Does anyone know or can point me to a reference page on how features are extracted for molecules?
Default feature extraction for molecules is the extended connectivity fingerprint, also known as "circular fingerprint" or "Morgan fingerprint". You can access it via undocumented function:
Chemistry`MoleculeFeatureVector[Molecule["glucose"], "ExtendedConnectivity-v1"] (* NumericArray[...] *) or via MoleculeFingerprints Paclet:
PacletInstall["WolframChemistry/MoleculeFingerprints"]; Needs["WolframChemistry`MoleculeFingerprints`"]; WolframChemistry`MoleculeFingerprints`ExtendedConnectivityFingerprint[ Molecule["glucose"]] (* NumericArray[...] *) and the resulting output is a bit vector. It is expected that in version 15.0, this function will be incorporated in the system as MoleculeFingerprint.
Here is a recreation of FeatureSpacePlot for molecules via several underlying steps. Unfortunately, I don't think this is very well documented.

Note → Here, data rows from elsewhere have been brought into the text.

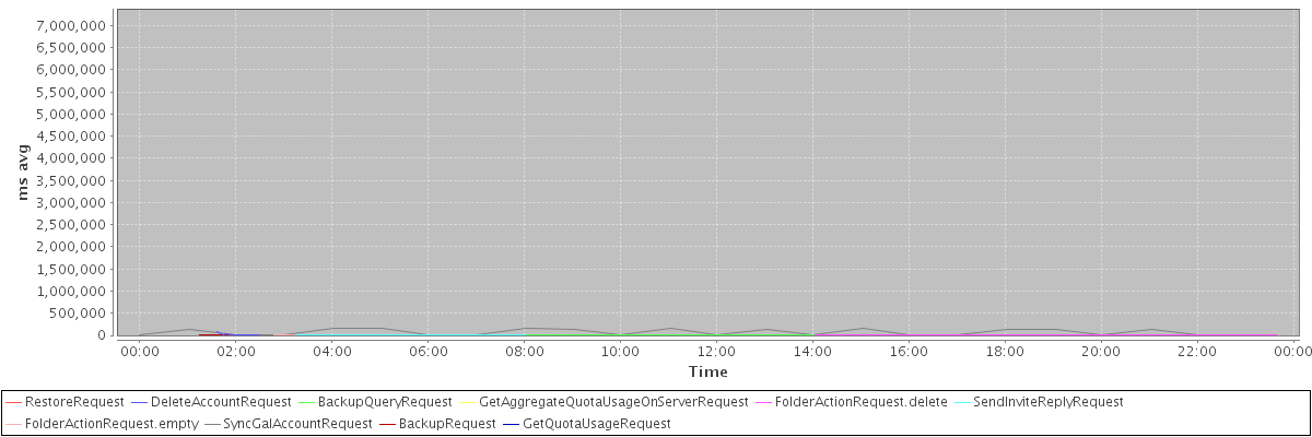 avg(RestoreRequest) = 7026494.00 avg(DeleteAccountRequest) = 22300.86 avg(BackupQueryRequest) = 694.40 avg(GetAggregateQuotaUsageOnServerRequest) = 1643.00 avg(FolderActionRequest.delete) = 560.38 avg(SendInviteReplyRequest) = 307.11 avg(FolderActionRequest.empty) = 690.25 avg(SyncGalAccountRequest) = 69819.08 avg(BackupRequest) = 2377.00 avg(GetQuotaUsageRequest) = 1692.00
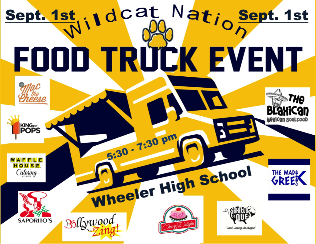 Our first Food Truck Night was a huge success, with #WILDCATNATION represented by students & their families from all Wheeler feeder schools and attendees from all over the East Cobb! #WILDCATNATION invites the community to kick off the Labor Day holiday weekend in Wheeler’s parking lot at 5:30PM, prior to the Wildcat’s game against the South Cobb Eagles. It’s Jr. Wildcat Night for the Wildcat Football Program and Food Truck Night will benefit the four local school organizations. The Food Trucks will be set up at 5:30 so you can get some great food and then stay for the game at 7:30!
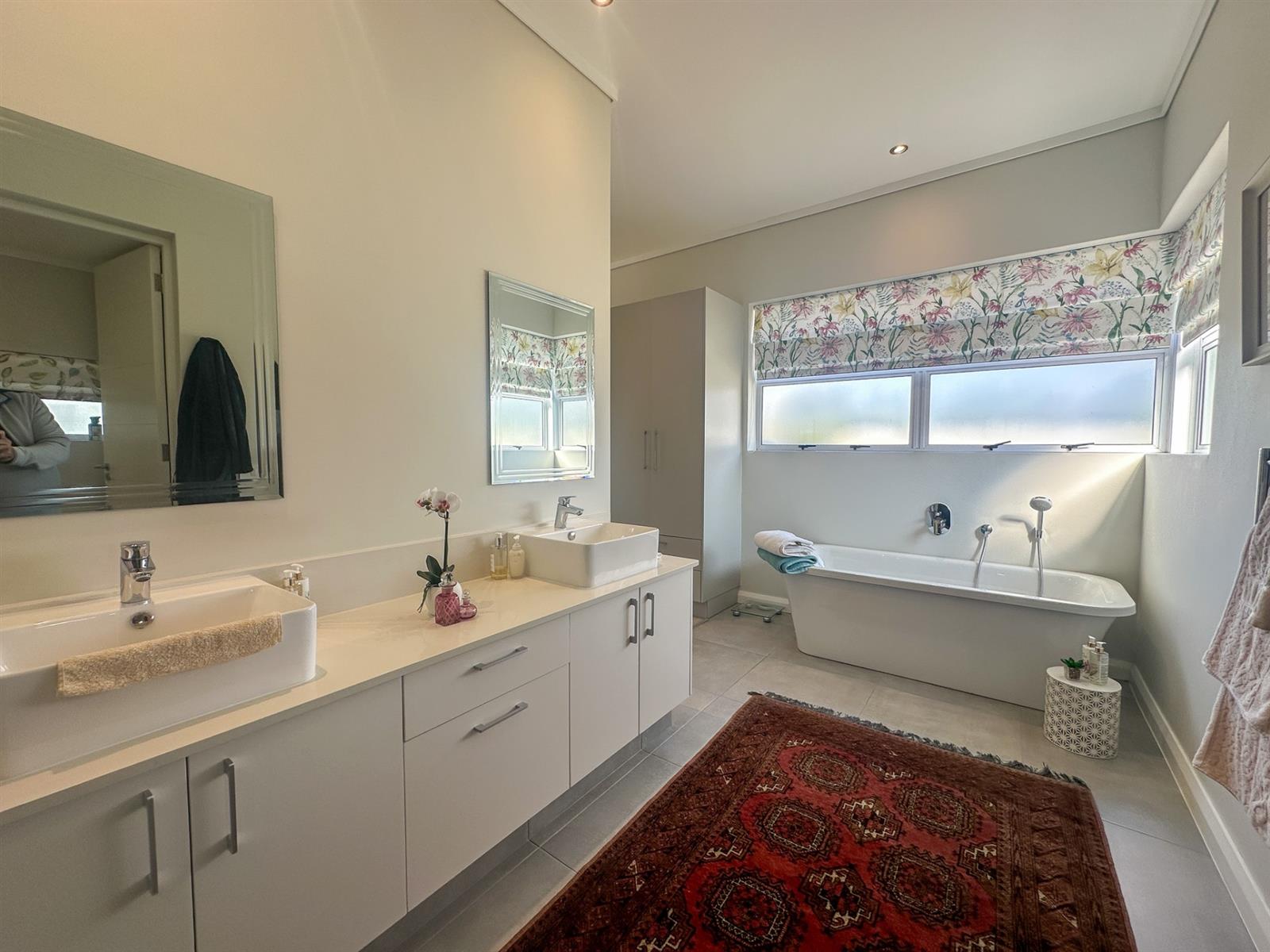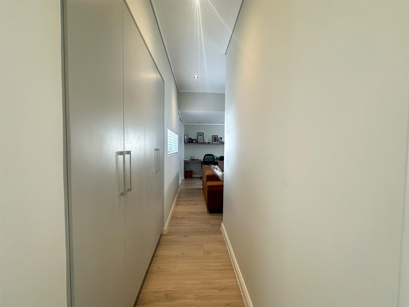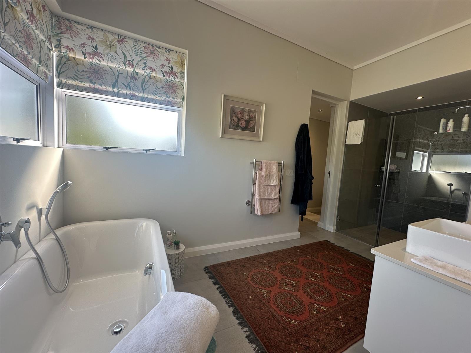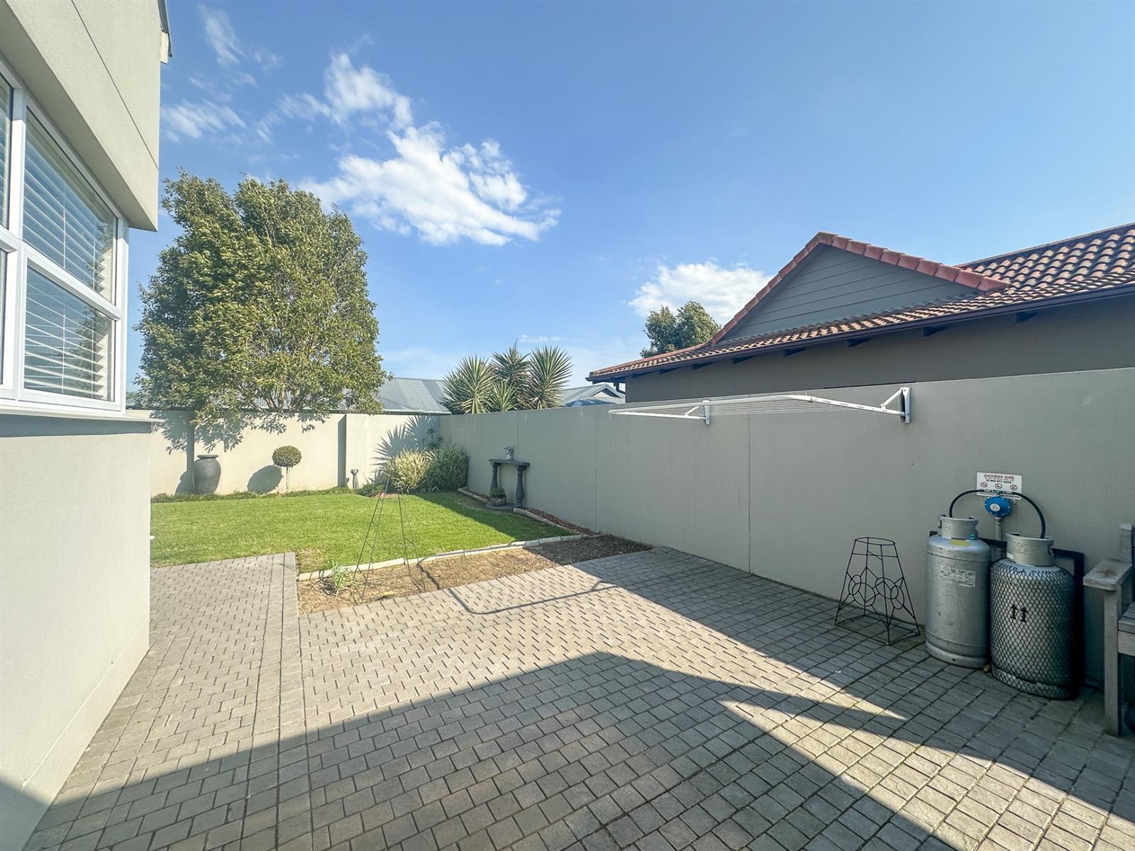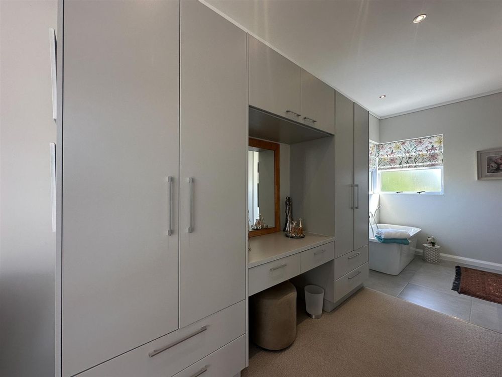 The house offers four spacious bedrooms and three bathrooms, designed for comfort and privacy. The main bedroom is a luxurious retreat with ample built-in cupboards, a full en-suite bathroom, and direct access to the garden and patio. The three additional bedrooms are well-appointed with built-in cupboards and vinyl flooring. Two of these bedrooms share a full bathroom, while the other has its own en-suite. The property also features a double automated garage, a full solar system with a backup inverter, and is fully enclosed and pet-friendly. Residents of Earls Court Estate enjoy exclusive access to top-tier amenities, including a clubhouse, gym, tennis court, and dog park.
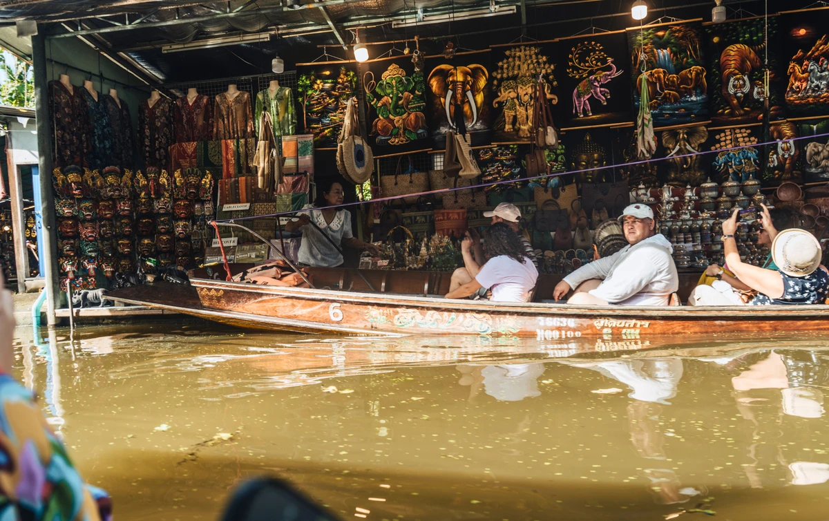 9:15–9:50 — плавучая деревня Ван Ди (канал Меклонг). Прогулка на традиционных лодках, знакомство с бытом местных жителей
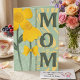Celebrate the most important woman in your life with a card as bright and beautiful as she is. This modern, hand drawn artistically designed greeting card has bold, vertical typography spelling out "MOM" against a cheerful palette of sunny yellow and soft sage green. It's perfect for a Mother’s Day sentiment, a heartfelt way to say "thank you" for everything she does, or simply when you just want to send a smile across the miles. The charming illustration of layered yellow flowers, complete with a delicate bow detail and textured background, offers a sophisticated yet warm aesthetic that any mother will cherish.
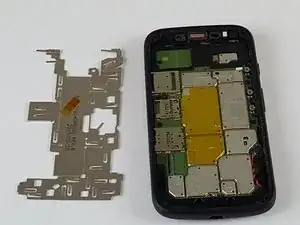 Теперь, когда дисплей снят, снимите алюминиевую защитную пластину с материнской платы.
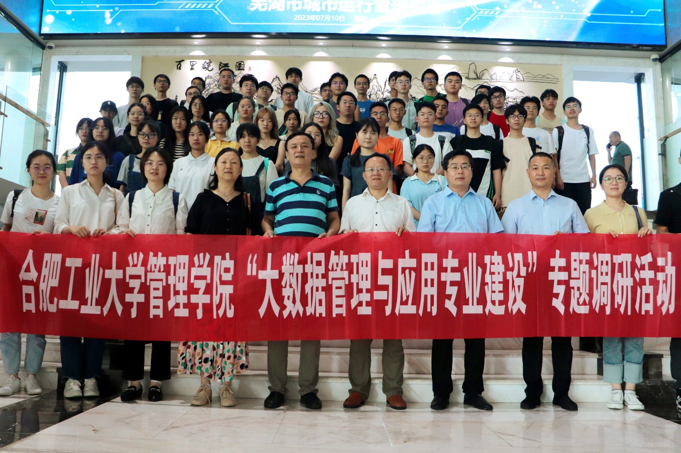7月10日,公共管理系党支部书记唐运舒等8名老师携2020级、2021级大数据管理与应用专业学生共60人走进芜湖,重点调研“东数西算”芜湖数据中心集群建设成果及芜湖市人才发展战略,为专业学科建设提供发展思路。芜湖市政府副秘书长孙彬亲临现场并做主题报告,芜湖市数据资源管理局党组书记、局长翁明等相关负责人热情接待并全程参与。
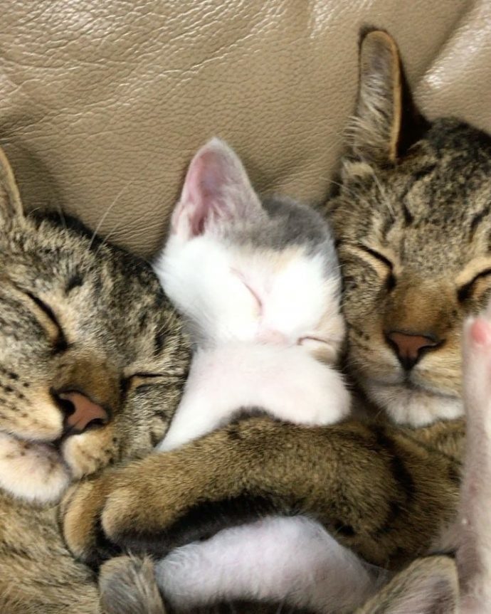 Коты породы табби по кличке Ито и Пан взяли крошек под свою личную опеку. Они начали ухаживать за ними, как за родными детьми! Ежедневные объятия стали закономерностью и скоро вошли в привычку.
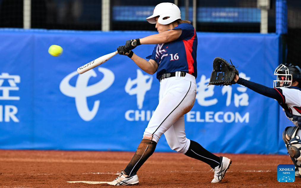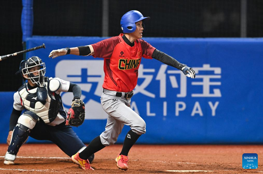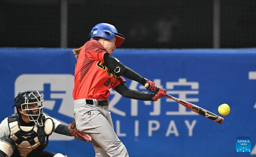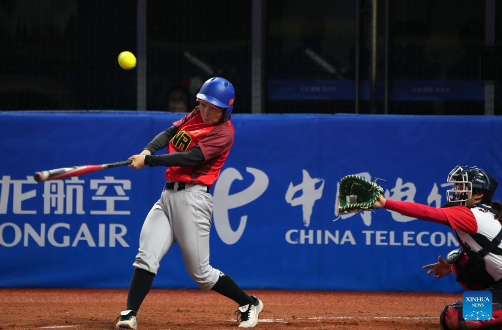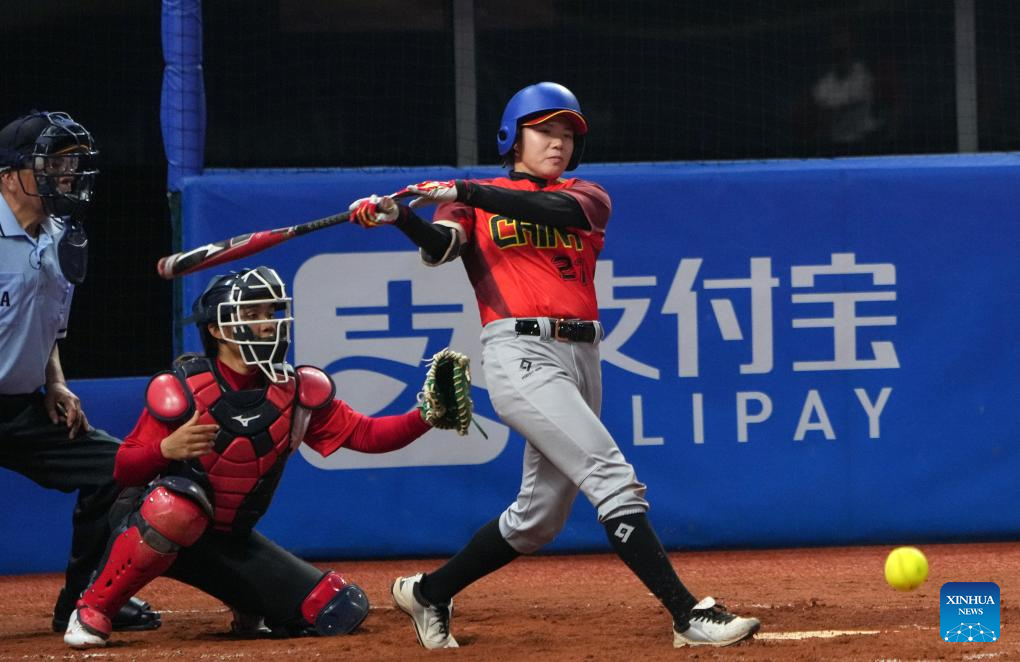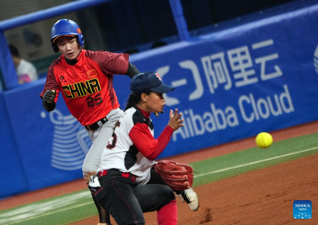 Xie Jiaxin of China competes during Super Round 2 of Softball Women between China and Chinese Taipei at the 19th Asian Games in Shaoxing, east China's Zhejiang Province, Sept. 29, 2023. (Xinhua/Yang Guanyu)
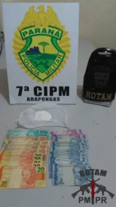O suspeito de imediato assumiu a propriedade da droga e disse que realizava a comercialização da substância. Em seu bolso foi encontrado dinheiro trocado, sendo que parte deste dinheiro provém do tráfico de drogas. O suspeito recebeu voz de prisão e foi encaminhado juntamente com o material apreendido para a delegacia da cidade.
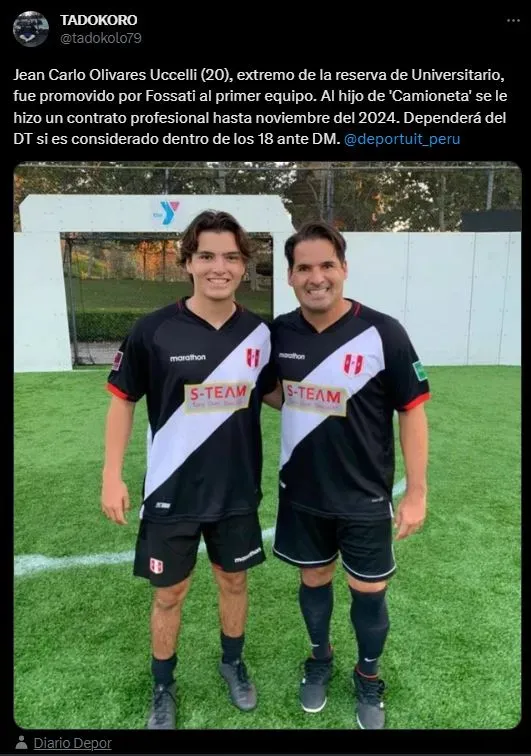 De esta manera lo presenta: “Jean Carlo Olivares Uccelli (20), extremo de la reserva de Universitario, fue promovido por Fossati al primer equipo. Al hijo de ‘Camioneta’ se le hizo un contrato profesional hasta noviembre del 2024. Dependerá del DT si es considerado dentro de los 18 ante DM (Deportivo Municipal)”.
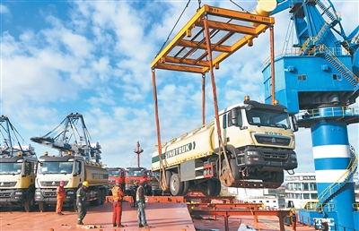 十二月八日,国产卡车在山东港口烟台港装船出口。唐克摄(人民视觉)

Needs["WolframChemistry`MoleculeFingerprints`"] mols = Molecule /@ {"decane", "L-glucose", "D-glucose", "L-galactose", "D-galactose", "L-fructose", "D-fructose", "nitrogen monoxide", "nitrogen dioxide", "nitric acid"}; (* Calculate molecular fingerprints *) fingerprints = WolframChemistry`MoleculeFingerprints`ExtendedConnectivityFingerprint /@ mols // Normal; (* Standardize features *) standardized = Transpose[Quiet[Check[Standardize[#, Mean, Max], ConstantArray[0., Length[#]]]] & /@ Transpose@N@fingerprints]; (* tSNE reduction *) res = DimensionReduce[standardized, 2, Method -> "TSNE", PerformanceGoal -> "Quality"]; (* Plotting *) Show[FeatureSpacePlot[Legended[mols, "FeatureSpacePlot"], PlotStyle -> GrayLevel[0.8], LabelingFunction -> Function[mol, mol["MolecularFormula"]], PlotMarkers -> {Automatic, Large}], ListPlot[Legended[res, "ExtendedConnectivityFingerprint \[Rule] DimensionReduce"]]]